Westmoreland had ancestors who fought in the American Revolution and the American Civil War. A graduate of the U.S. Military Academy at West Point and a decorated veteran of both World War II and the Korean War, Westmoreland assumed command of the ground forces in Vietnam with the confidence of a man who had successfully waged war. He regarded his post at MACV, which he took command of in 1964 at the age of sixty, as the high point of his military career. He was determined to quickly win the war.

Giap was a high school history teacher who was self-taught in the art of war. As a teacher Giap gained a reputation as a lecturer of military history. He was appointed the commanding general of the Viet Minh troops in 1945 at the age of thirty-four and became their foremost military commander during the war with the French in the early 1950s. His crowning achievement was his decisive victory over the French at Dien Bien Phu in 1954. Giap was made the commander in chief of the North Vietnamese Army and later became minister of defense in the North Vietnamese government.

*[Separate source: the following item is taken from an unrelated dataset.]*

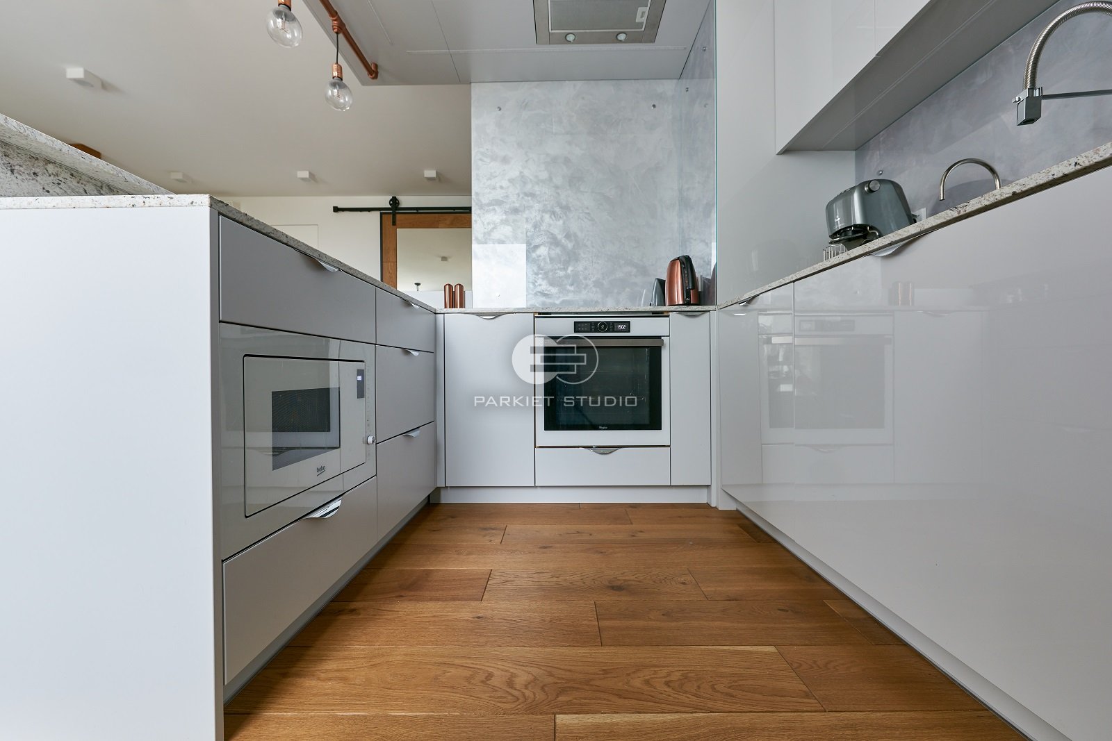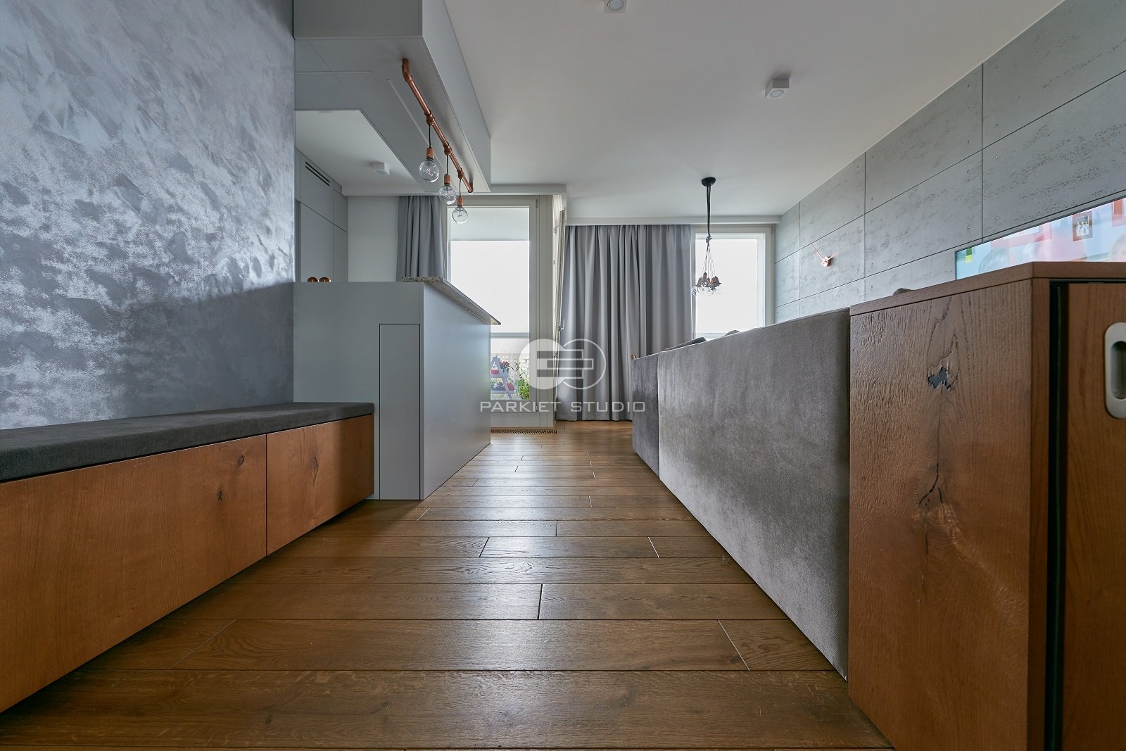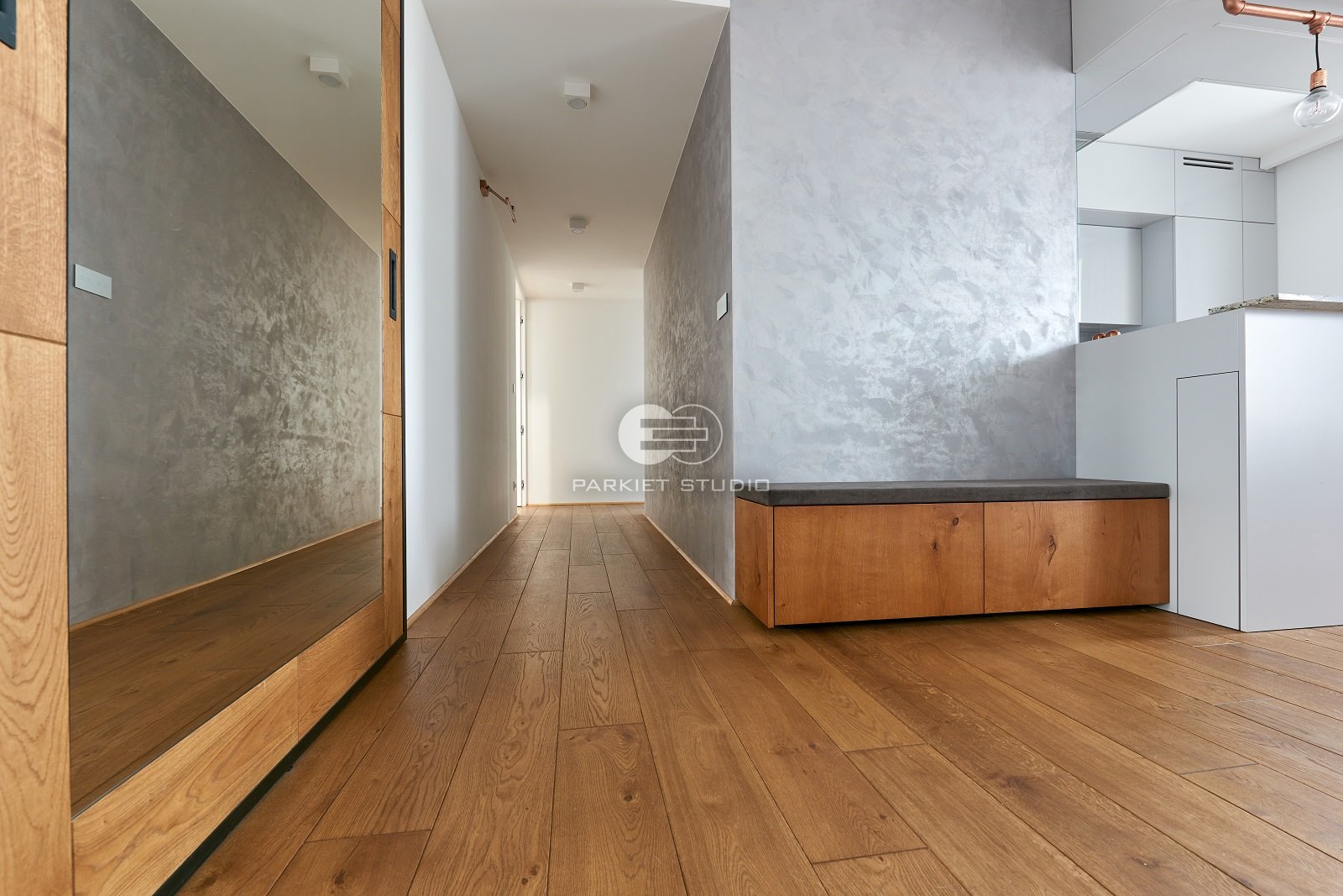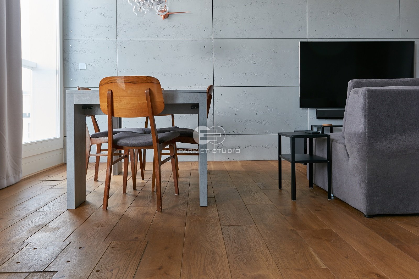 Podłoga dębowa olejowoskowana w skąpana w tonacjach złota i ciepłego brązu w ciepłym delikatnym kolorze antycznego dębu.

Giap joined the Communist Party in 1937. In 1939 the French government outlawed the Communist Party in France and its colonies, forcing members to either flee to other countries or go into hiding. Giap went into exile in China. But his wife, baby daughter, and his wife’s sister were captured by the French security forces in Vietnam and thrown into prison. There, Giap’s sister-in-law was guillotined, and his wife was later beaten to death by the guards. Giap’s daughter also died in prison, the cause of which is unknown. Their deaths reaffirmed Giap’s commitment to fight for an independent Vietnam.

When American combat troops arrived in 1965, Giap used the same tactics he had perfected against the French. Unfortunately for him the Americans were more powerful, and Giap’s efforts never achieved the same military success on the battlefield.